Converting TP diagrams into TDIs this way allows the thematic structures of texts to be statistically compared. As Leong’s (2016) work was restricted to only abstracts, however, there is a pressing need to extend the TDI measure to full research articles. Whether similarities in thematic structures show up in a defined corpus remains now to be seen in this study through both diagrammatic representations of texts and TDIs. The following section provides a fuller account of the corpus used in this study and the analytical approach.
Method
Corpus
In line with the objectives of this study, care was taken to select research articles that were similar in word length and rhetorical structure. This was to allow for fair comparisons to be made among the different articles. We eventually selected articles from the journal Cell for the analysis. This choice was motivated by two reasons. First, the journal had strict word-length and formatting guidelines. The main text of research articles, for instance, had three major sections—i.e., introduction, results, and discussion—and was limited to 55,000 characters, including spaces (Cell, 2017). Second, Cell is a highly prestigious journal; it was ranked first in the fields of biochemistry, genetics, and molecular biology in the latest journal ranking provided by Scimago (2016).

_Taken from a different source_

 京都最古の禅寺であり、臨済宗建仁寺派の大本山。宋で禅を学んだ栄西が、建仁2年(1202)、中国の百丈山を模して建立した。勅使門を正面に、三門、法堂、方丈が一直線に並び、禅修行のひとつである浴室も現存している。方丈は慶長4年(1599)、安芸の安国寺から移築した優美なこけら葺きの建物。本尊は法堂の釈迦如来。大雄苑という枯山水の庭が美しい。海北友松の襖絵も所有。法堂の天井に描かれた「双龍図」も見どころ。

The corpus, comprising 30 articles, totaled 149,229 words. The articles were the most recently available at the time of writing. The analysis covered the entire main text of each article, but excluded the title, abstract, tables/diagrams, and references. The methodology section was also excluded as it was positioned outside the main text. Further, the information in the methodology section was grouped according to the materials used and procedures employed, and did not lend itself easily to thematic analysis.
Unit of Analysis
The unit of analysis was the independent clause, including any dependent clause(s) associated with it. Focusing on only the independent clause allows the analyst to “discern the method of development and thematic progression of a text” more easily, since “the structure of beta [dependent] clauses, including their thematic structure, tends to be constrained by the alpha [independent] clauses” (Fries & Francis, 1992, p. 47). In numerous studies involving long texts (e.g., Jalilifar, 2010; McCabe, 1999; Williams, 2009), such an approach is favored since the inclusion of dependent clauses, some of which are embedded in independent clauses, may complicate the analysis unnecessarily. The articles in the corpus yielded 6,141 independent clauses.
Only the topical themes of independent clauses were identified. Interpersonal and textual themes were omitted as these are optional and contribute little to the main ideas in the text. The corpus was analyzed by all members of the team, with one member double-checking the analysis of the entire team.

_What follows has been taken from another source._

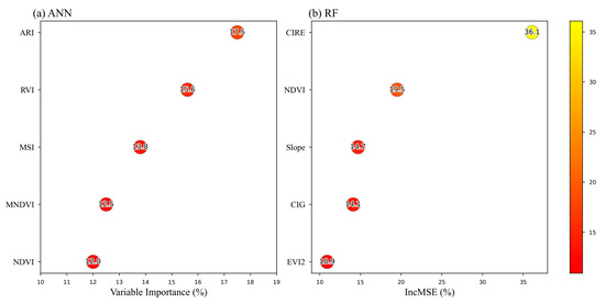 The graphs of feature importance analysis of the artificial neural network model and RF model. (a) Graph shows the result of feature importance of the ANN model, and (b) graph shows the result of feature importance of the RF model.

Simplified TP Diagrams and Thematic Density
A simplified version of Daneš’s TP diagrams was used in this study. The simplified diagrams displayed only the topical themes to clearly trace their development through the text. Including rhemes would have complicated the diagrams and obscured the broad developmental patterns of the topical themes. The simplified TP diagrams in this study followed the technique employed by Leong (2015, 2016). The topical theme of each independent clause was plotted using the Microsoft Excel program, as follows:
(a) Each row in the spreadsheet corresponded to an independent clause. All the rows were numbered.
(b) The width of each column was narrowed to 1.89 character units. This was done to create cells resembling small squares.

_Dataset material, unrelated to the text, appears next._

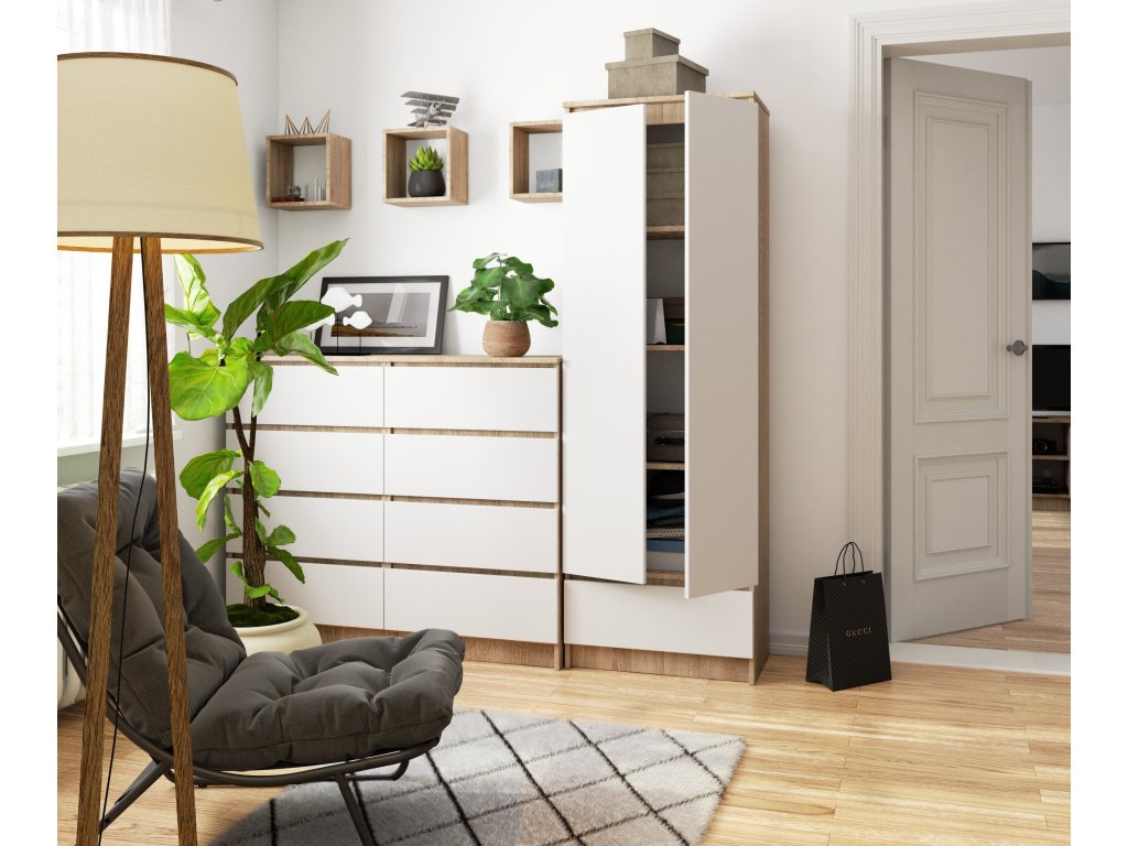 - Barva: kombinace dubu Sonoma a bílé - elegantní a vždy v módním trendu.

(c) The semantic content of each topical theme was specified on the header row of the spreadsheet, and the cell representing the topical theme was colored black. This procedure was repeated for all the other topical themes in the research article. New semantic labels were added as necessary. Topical themes were grouped under an existing semantic label if they met the following criteria proposed by Martin (1992):
Identity chains are based on co-referentiality, which is realized through pronominal cohesion, instantial equivalence, the definite article and demonstratives (or lexical repetition if the reference is generic). . . . (p. 419)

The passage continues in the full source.